— Data extract —
----
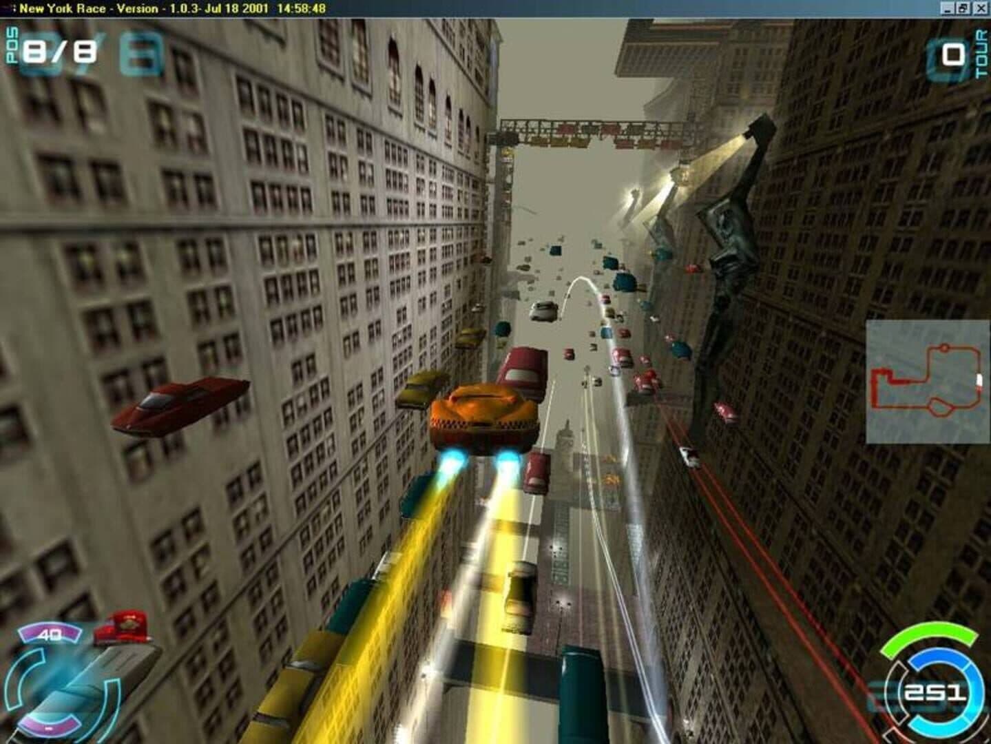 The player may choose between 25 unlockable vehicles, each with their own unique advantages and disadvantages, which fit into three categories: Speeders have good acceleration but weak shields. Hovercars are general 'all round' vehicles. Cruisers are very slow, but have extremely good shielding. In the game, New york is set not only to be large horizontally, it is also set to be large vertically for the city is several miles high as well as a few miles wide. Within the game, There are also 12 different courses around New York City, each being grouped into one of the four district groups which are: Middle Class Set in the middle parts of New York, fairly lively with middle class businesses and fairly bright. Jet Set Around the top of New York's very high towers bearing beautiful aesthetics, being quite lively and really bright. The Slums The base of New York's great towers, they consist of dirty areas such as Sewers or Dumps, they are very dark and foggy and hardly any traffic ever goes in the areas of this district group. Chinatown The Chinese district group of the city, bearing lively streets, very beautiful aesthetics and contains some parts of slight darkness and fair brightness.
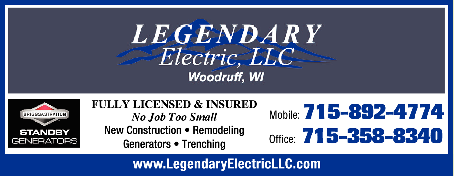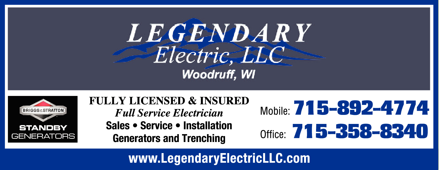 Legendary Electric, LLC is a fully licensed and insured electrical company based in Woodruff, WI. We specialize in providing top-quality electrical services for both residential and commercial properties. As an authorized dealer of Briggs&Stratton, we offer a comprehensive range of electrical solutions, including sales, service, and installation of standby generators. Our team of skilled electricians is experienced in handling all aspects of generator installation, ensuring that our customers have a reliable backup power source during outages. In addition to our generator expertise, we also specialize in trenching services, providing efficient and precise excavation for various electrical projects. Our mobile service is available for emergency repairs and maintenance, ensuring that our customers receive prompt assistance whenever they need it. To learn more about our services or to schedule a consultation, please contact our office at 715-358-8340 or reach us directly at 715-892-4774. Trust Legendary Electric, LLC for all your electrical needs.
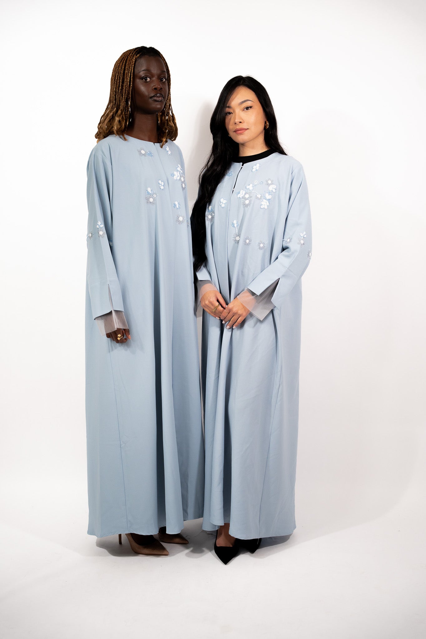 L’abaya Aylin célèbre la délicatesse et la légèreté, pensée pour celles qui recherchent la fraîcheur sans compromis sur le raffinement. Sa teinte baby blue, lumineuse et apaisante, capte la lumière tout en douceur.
----
— What this task involves —
Are you able to set down all the lines above exactly, without any pictures?

— Reply to the task —
 The player may choose between 25 unlockable vehicles, each with their own unique advantages and disadvantages, which fit into three categories: Speeders have good acceleration but weak shields. Hovercars are general 'all round' vehicles. Cruisers are very slow, but have extremely good shielding. In the game, New york is set not only to be large horizontally, it is also set to be large vertically for the city is several miles high as well as a few miles wide. Within the game, There are also 12 different courses around New York City, each being grouped into one of the four district groups which are: Middle Class Set in the middle parts of New York, fairly lively with middle class businesses and fairly bright. Jet Set Around the top of New York's very high towers bearing beautiful aesthetics, being quite lively and really bright. The Slums The base of New York's great towers, they consist of dirty areas such as Sewers or Dumps, they are very dark and foggy and hardly any traffic ever goes in the areas of this district group. Chinatown The Chinese district group of the city, bearing lively streets, very beautiful aesthetics and contains some parts of slight darkness and fair brightness.
 Legendary Electric, LLC is a fully licensed and insured electrical company based in Woodruff, WI. We specialize in providing top-quality electrical services for both residential and commercial properties. As an authorized dealer of Briggs&Stratton, we offer a comprehensive range of electrical solutions, including sales, service, and installation of standby generators. Our team of skilled electricians is experienced in handling all aspects of generator installation, ensuring that our customers have a reliable backup power source during outages. In addition to our generator expertise, we also specialize in trenching services, providing efficient and precise excavation for various electrical projects. Our mobile service is available for emergency repairs and maintenance, ensuring that our customers receive prompt assistance whenever they need it. To learn more about our services or to schedule a consultation, please contact our office at 715-358-8340 or reach us directly at 715-892-4774. Trust Legendary Electric, LLC for all your electrical needs.
 L’abaya Aylin célèbre la délicatesse et la légèreté, pensée pour celles qui recherchent la fraîcheur sans compromis sur le raffinement. Sa teinte baby blue, lumineuse et apaisante, capte la lumière tout en douceur.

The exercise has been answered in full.